Publish an ad hoc explanation of code, tied to a single revision/commit, and link to that explanation from anywhere.
lazylit is a code documentation tool that generates static HTML that can be published via e.g. GitHub Pages and linked from anywhere (code comments, READMEs, Jira tickets, etc.).
See an example of the final output.
The main idea is that you can write extensive explanations of particularly confusing code, tying your explanation to a specific revision (i.e. commit) of a given source code file. You can link to this explanation from anywhere you like. The rendered web page makes it clear which version of the source code you are referring to so there is no expectation that the explanation be kept up-to-date. And yet it may still help out your fellow colleagues as they navigate a complex codebase :)
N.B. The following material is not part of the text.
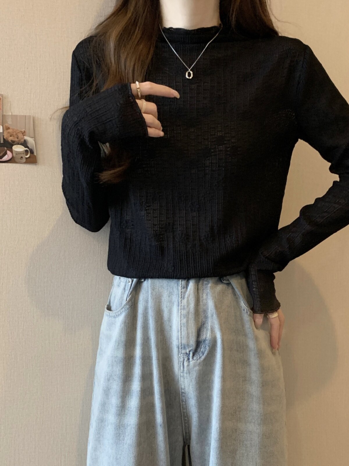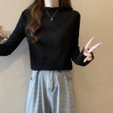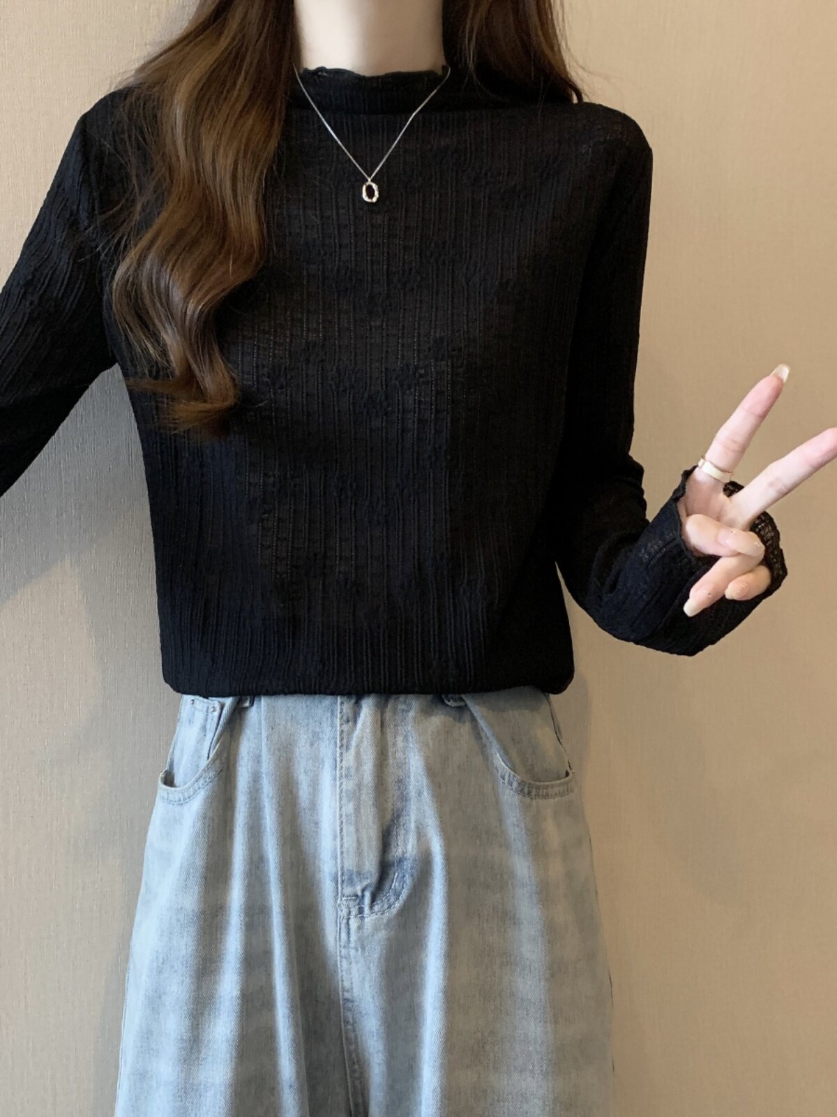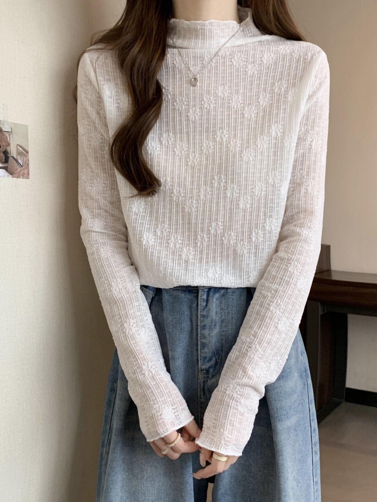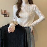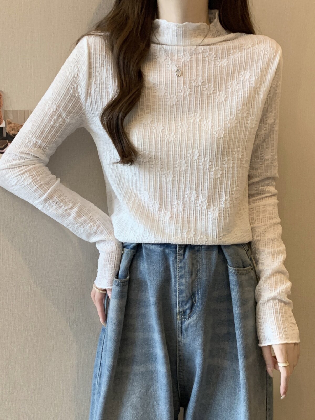 Белый базовый приятный телу кружевной демисезонный лонгслив, большой размер, высокий воротник

I see this being particularly helpful for documenting project- and team-specific conventions and patterns. See here for a more complete motivation.
For macOS:
brew tap dsabsay/homebrew-tap
brew install lazylit
Create a new repository in GitHub. Configure it to serve static content from the
docs/
directory.
Create a directory artifacts/
.
Copy a source code file you'd like to document into a subdirectory of
artifacts/
.
mkdir artifacts/crazy_makefile
cp <your crazy makefile> artifacts/crazy_makefile/crazy_makefile.jul_18_2020
Add your documentation as comments to the file under artifacts/
. Make sure you
add the necessary headers.
lazylit
git add .
git commit -m 'new docs'
git push
See the lazylit-example repo to see what your repo should look like.